Background: Research suggests that co-morbid diabetes and depression is common; however, the implications for clinical practice remain unclear. This paper reviews the current epidemiological evidence on comorbid diabetes and depression, in order to identify the key publications which could both inform practice and identify gaps in knowledge and research.
Methods: A systematic review was conducted to identify published literature on the epidemiology of diabetes and depression. In order to review evidence on up-to-date knowledge of recent research and innovations in care literature searches for the last five years (August 2006-August 2011) were conducted. To identify relevant literature, electronic databases MEDLINE, Psych-INFO and EMBASE were searched for English language articles in peer-reviewed journals.
Results: High rates of co-morbidity of depression and diabetes have been reported. The prevalence rate of depression is more than three-times higher in people with type 1 diabetes (12%, range 5.8-43.3% vs. 3.2%, range 2.7-11.4%) and nearly twice as high in people with type 2 diabetes (19.1%, range 6.5-33% vs. 10.7%, range 3.8-19.4%) compared to those without. Women with diabetes and also women without diabetes experience a higher prevalence of depression than men. Reviewed studies provide support for a modest relationship between diabetes and depressive symptoms, but the exact direction of this relationship remains unclear.

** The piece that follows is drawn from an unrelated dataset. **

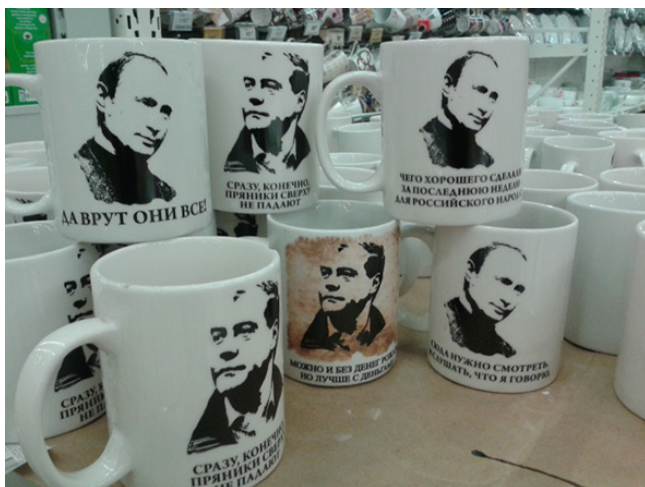
Рис. 1. Кружки с известными высказываниями В. В. Путина и Д. А. Медведева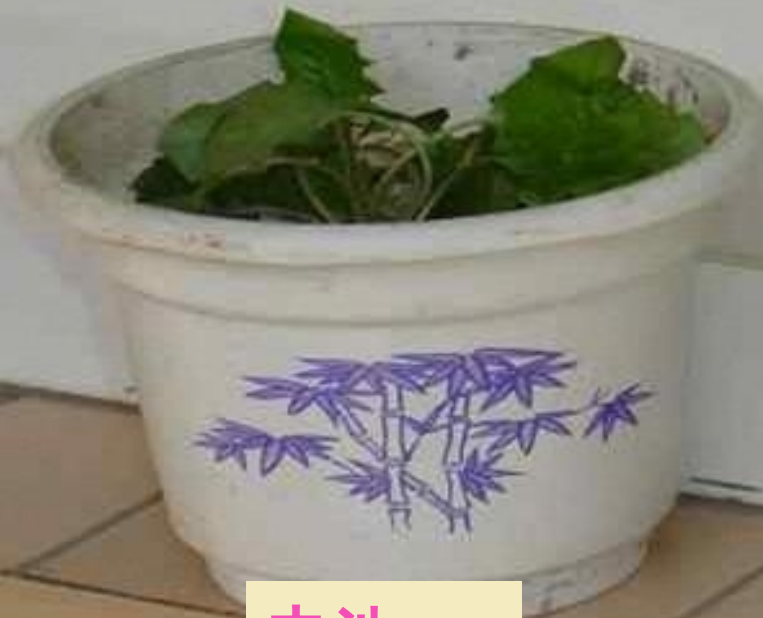
电池 (diànchí) 液

Limitations: Most studies reviewed were cross-sectional and this limits any conclusions about the causal nature and direction of the relationship between diabetes and depression. Variation in measurement methods, lack of longitudinal data and few studies outside Europe and America limit the generalizability of the findings of this review.
Conclusions: Current research suggests that the risk of developing depression is increased in people with diabetes; however, further studies are required in order to establish the nature of the relationship between depression, glycaemic control and the development of diabetes complications, and make appropriate recommendations for treatment and to support self-management of diabetes.